Wednesday, July 28, 2010

"Amber Waves of Pain" Pitfalls in Commodity ETF's (DBA; MOO; RJA)

Since I've been touting the soft commodities this month I thought this cautionary tale from BusinessWeek would be in order:

Lured by the idea of profiting from raw materials, investors put $277 billion into commodity ETFs and related securities by the end of 2009. Then they noticed a problem: When commodities go up, the commodity ETFs often don't 
Like so many investors in the spring of 2009, Gordon Wolf needed to dig out of a hole. A 68-year-old psychologist in Napa, Calif., Wolf was a buy-and-hold sort of guy, yet the nest egg he had entrusted to his broker at Merrill Lynch (MER) was suddenly down by more than 50 percent. The broker had invested much of it in a range of exchange-traded funds, or ETFs, a relatively new financial innovation that was replacing mutual funds in the hearts and portfolios of many investors.

An ETF, which can be bought or sold like a stock, attempts to track the price of a particular basket of assets—tech stocks, for instance, or high-yield bonds, or commodities ranging from wheat to gold to oil to natural gas.

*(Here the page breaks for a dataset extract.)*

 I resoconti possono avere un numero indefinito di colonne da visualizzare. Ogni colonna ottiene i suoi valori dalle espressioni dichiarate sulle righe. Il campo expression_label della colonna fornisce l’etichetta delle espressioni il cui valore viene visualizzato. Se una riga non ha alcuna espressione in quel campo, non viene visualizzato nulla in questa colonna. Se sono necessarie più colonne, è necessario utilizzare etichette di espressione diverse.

The commodity ETFs were supposed to offer a hedge against equity losses, but in the crash of 2008 everything fell in tandem. Now it was early 2009, and Wolf was watching oil fall to $34 a barrel. That had to be an opportunity, he figured, so he called his Merrill broker and asked about the U.S. Oil Fund (USO), an ETF designed to track the price of light, sweet crude. "This seems to be something good," Wolf told the broker, and had him buy about $10,000 of USO.

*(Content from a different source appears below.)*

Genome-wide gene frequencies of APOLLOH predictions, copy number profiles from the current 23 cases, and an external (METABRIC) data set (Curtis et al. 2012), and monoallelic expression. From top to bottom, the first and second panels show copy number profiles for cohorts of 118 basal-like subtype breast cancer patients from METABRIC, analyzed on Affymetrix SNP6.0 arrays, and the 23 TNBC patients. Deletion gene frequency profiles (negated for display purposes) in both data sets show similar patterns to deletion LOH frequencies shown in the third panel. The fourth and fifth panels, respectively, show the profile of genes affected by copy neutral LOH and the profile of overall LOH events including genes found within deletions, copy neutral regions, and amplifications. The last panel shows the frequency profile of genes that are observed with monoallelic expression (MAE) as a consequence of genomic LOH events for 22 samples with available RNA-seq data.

What happened next didn't make sense. Wolf watched oil go up as predicted, yet USO kept going down. In February 2009, for example, crude rose 7.4 percent while USO fell by 7.4 percent. What was going on? Wolf logged on to Seeking Alpha, a financial blog, and searched for USO. He found plenty of angry discussion about the fund—lots of people were losing lots of money, because thousands of American investors had seen the same sort of opportunity Wolf had. By the end of 2009, they had a record $277 billion invested in commodity ETFs and other securities linked to raw materials—a 50-fold jump from $5.5 billion a decade earlier, according to Barclays Capital. During that time, Wall Street had transformed the reputation of commodities from a hyper-volatile investment that can steal your shirt to a booster for battered portfolios, something that rose when stocks fell and hedged against inflation. People who would never think of buying a tanker of crude or a silo of wheat could now put both commodities in their 401(k)s. Suddenly everybody was a speculator.

And some were losing big. The commodity ETFs weren't living up to their hype, and the reason had to do with a word Wolf had never heard before. As he browsed the blogs, he says, "I'm seeing people talking about something called contango. Nobody would define it." Wolf called his broker and asked about contango. "I don't know what it is," he replied. He called his other broker, at Charles Schwab (SCHW). "He didn't know either," Wolf says. "He said he'd ask around." Weeks later, after Wolf educated himself, he fired his Merrill broker and pulled his money out. (Merrill and Schwab declined to comment.) By then he had lost $2,500 on USO. "If it wasn't a rigged game," he says, "I could figure it out. But it is a rigged game."

The Contango Trap

Contango is a word traders use to describe a specific market condition, when contracts for future delivery of a commodity are more expensive than near-term contracts for the same stuff. It is common in commodity markets, though as Wolf and other investors learned, it can spell doom for commodity ETFs. When the futures contracts that commodity funds own are about to expire, fund managers have to sell them and buy new ones; otherwise they would have to take delivery of billions of dollars' worth of raw materials. When they buy the more expensive contracts—more expensive thanks to contango—they lose money for their investors. Contango eats a fund's seed corn, chewing away its value....MUCH MORE (it was the cover story)

A quick note:
The writers get it. Not just the problem of the roll but how much Goldman makes by structuring trades based on the GSCI. They also mention how CalPERS got taken over the last few years, a point I howled into the wind all through 2008.